GIVEN ENTRIES
● ● ● ● ●

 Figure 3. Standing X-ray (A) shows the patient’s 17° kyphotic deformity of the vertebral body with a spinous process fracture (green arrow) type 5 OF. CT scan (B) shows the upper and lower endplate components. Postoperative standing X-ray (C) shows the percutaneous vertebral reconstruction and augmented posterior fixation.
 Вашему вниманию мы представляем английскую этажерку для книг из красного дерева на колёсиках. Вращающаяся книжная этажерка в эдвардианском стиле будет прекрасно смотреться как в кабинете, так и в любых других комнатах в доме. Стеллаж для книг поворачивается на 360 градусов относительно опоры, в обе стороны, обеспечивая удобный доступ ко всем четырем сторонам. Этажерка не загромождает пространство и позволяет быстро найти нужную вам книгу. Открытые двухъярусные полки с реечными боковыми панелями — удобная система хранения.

● ● ● ● ●

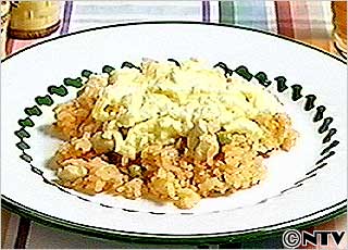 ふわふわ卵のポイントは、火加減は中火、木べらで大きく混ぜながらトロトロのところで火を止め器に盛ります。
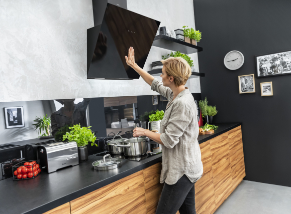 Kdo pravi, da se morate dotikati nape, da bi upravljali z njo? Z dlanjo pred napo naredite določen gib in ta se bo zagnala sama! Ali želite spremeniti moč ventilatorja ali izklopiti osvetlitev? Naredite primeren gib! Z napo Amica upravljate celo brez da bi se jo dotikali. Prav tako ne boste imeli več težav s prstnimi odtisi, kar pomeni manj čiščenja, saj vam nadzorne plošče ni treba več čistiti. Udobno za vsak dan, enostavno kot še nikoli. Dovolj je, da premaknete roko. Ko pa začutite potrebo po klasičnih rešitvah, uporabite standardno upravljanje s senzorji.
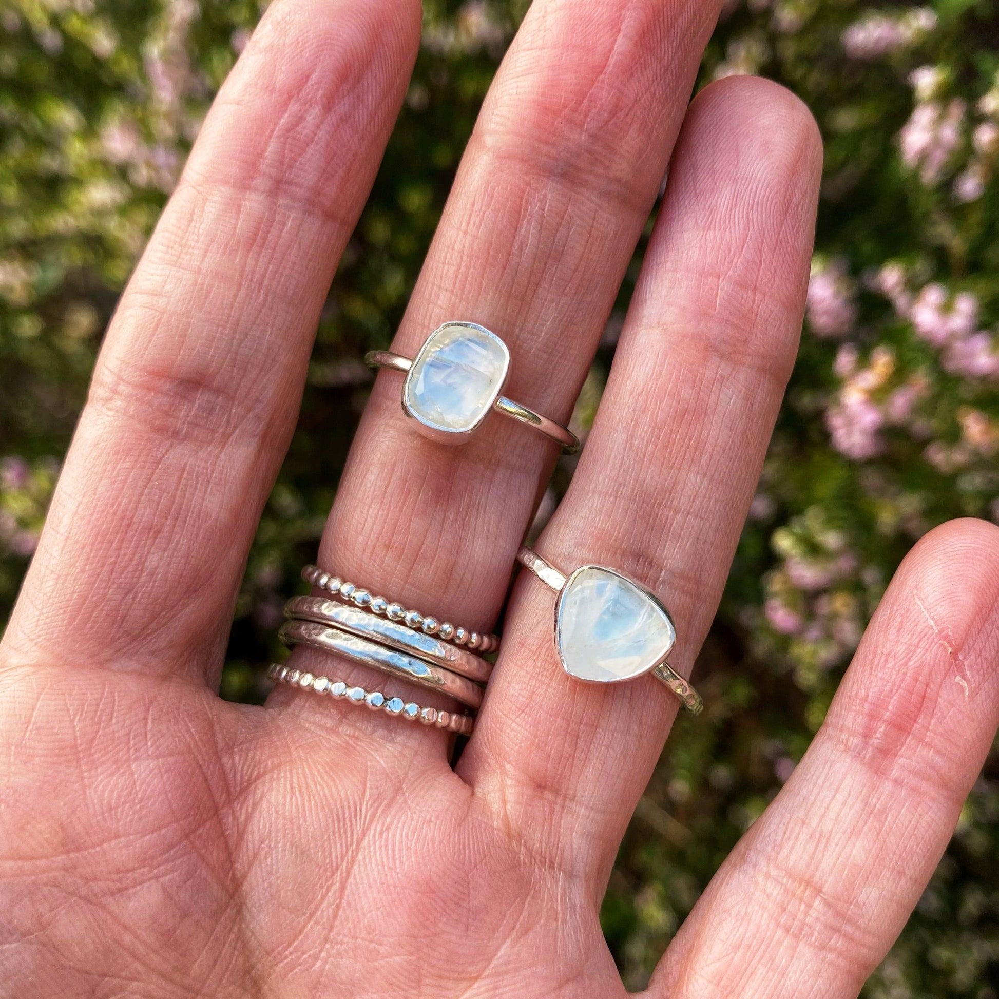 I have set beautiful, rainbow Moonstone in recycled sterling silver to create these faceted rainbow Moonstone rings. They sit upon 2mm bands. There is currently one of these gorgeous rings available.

● ● ● ● ●

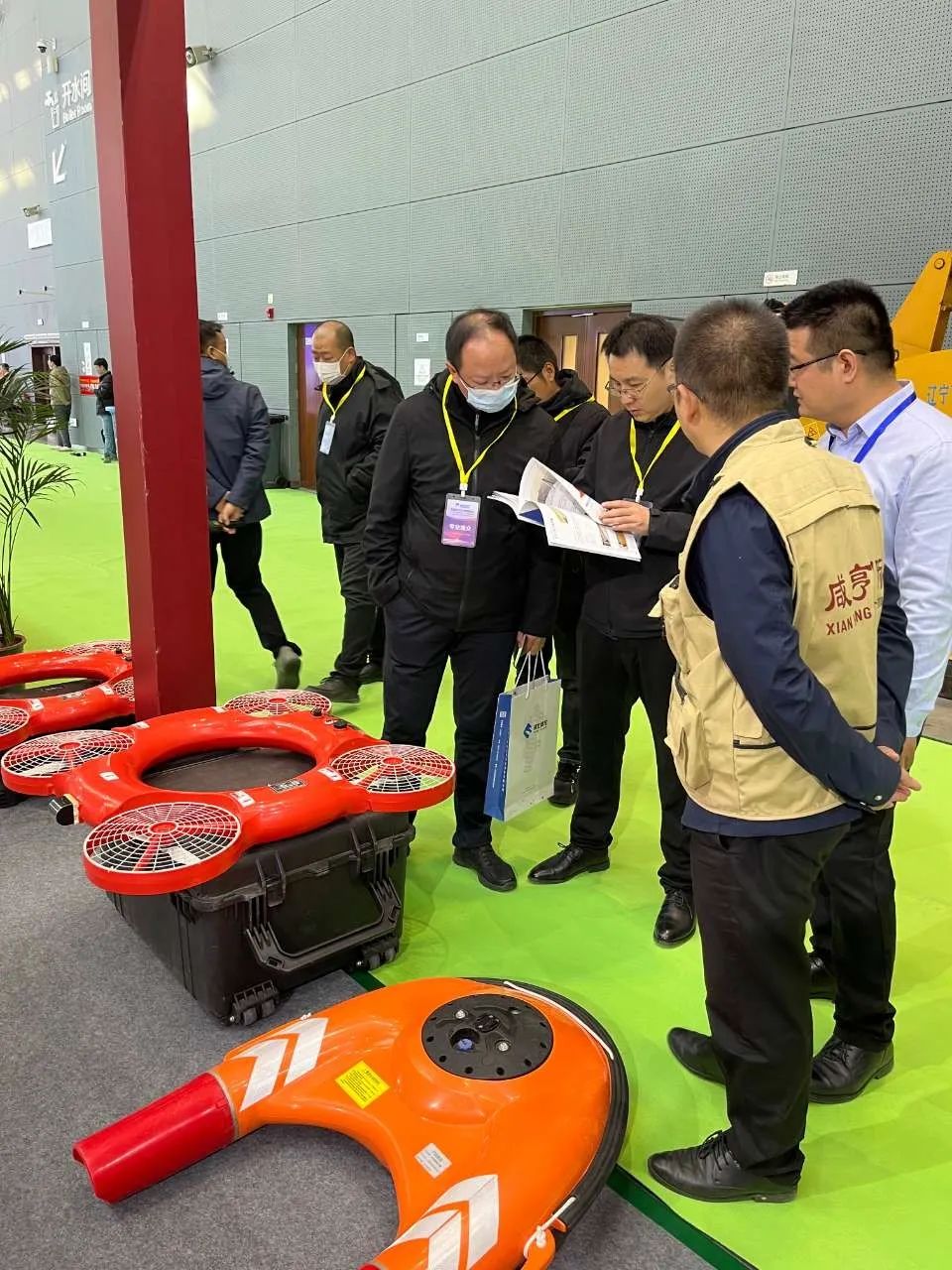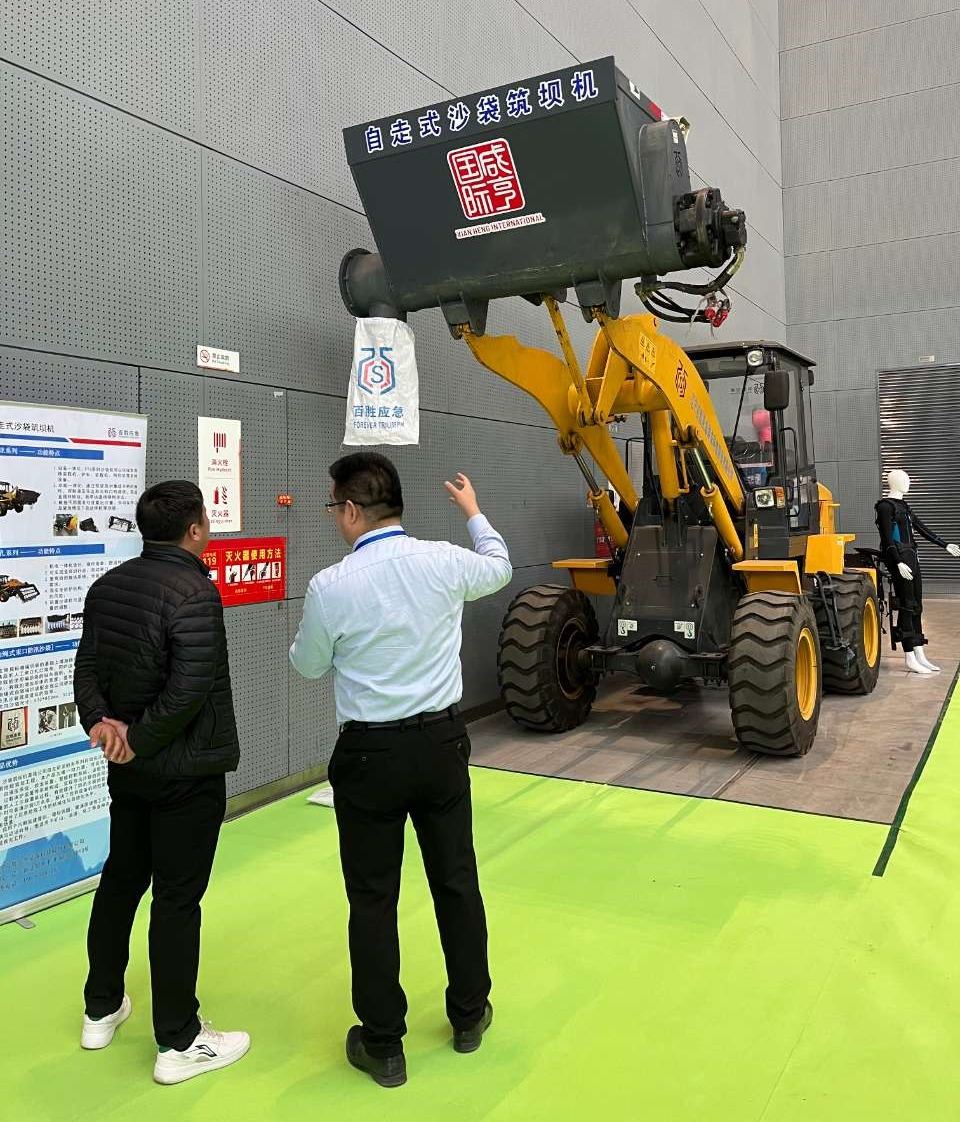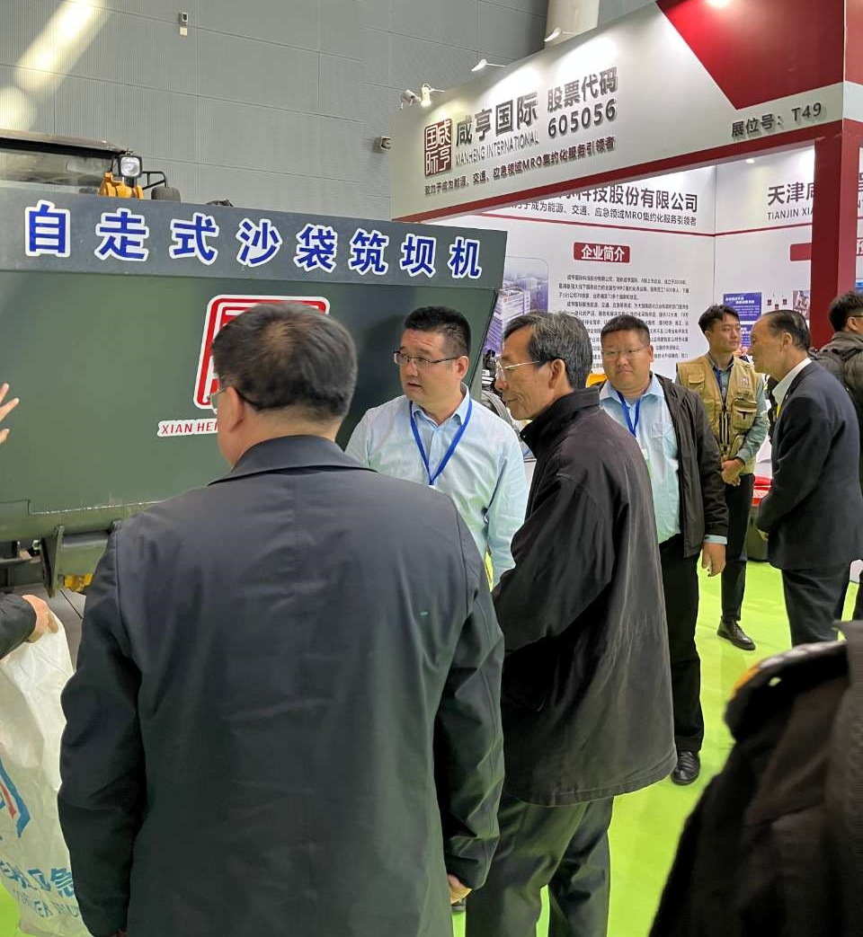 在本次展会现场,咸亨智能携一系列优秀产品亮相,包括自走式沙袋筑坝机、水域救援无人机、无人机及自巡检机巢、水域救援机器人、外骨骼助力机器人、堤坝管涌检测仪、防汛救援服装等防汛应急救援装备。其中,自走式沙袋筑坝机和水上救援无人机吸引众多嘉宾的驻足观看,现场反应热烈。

● ● ● ● ●

THE PROBLEM
For this exercise, return exactly the lines above from the line with "Kdo pravi, da" through the line with "I have set beautiful, rainbow", both included. Do not copy the pictures.

TASK RESULT
 Kdo pravi, da se morate dotikati nape, da bi upravljali z njo? Z dlanjo pred napo naredite določen gib in ta se bo zagnala sama! Ali želite spremeniti moč ventilatorja ali izklopiti osvetlitev? Naredite primeren gib! Z napo Amica upravljate celo brez da bi se jo dotikali. Prav tako ne boste imeli več težav s prstnimi odtisi, kar pomeni manj čiščenja, saj vam nadzorne plošče ni treba več čistiti. Udobno za vsak dan, enostavno kot še nikoli. Dovolj je, da premaknete roko. Ko pa začutite potrebo po klasičnih rešitvah, uporabite standardno upravljanje s senzorji.
 I have set beautiful, rainbow Moonstone in recycled sterling silver to create these faceted rainbow Moonstone rings. They sit upon 2mm bands. There is currently one of these gorgeous rings available.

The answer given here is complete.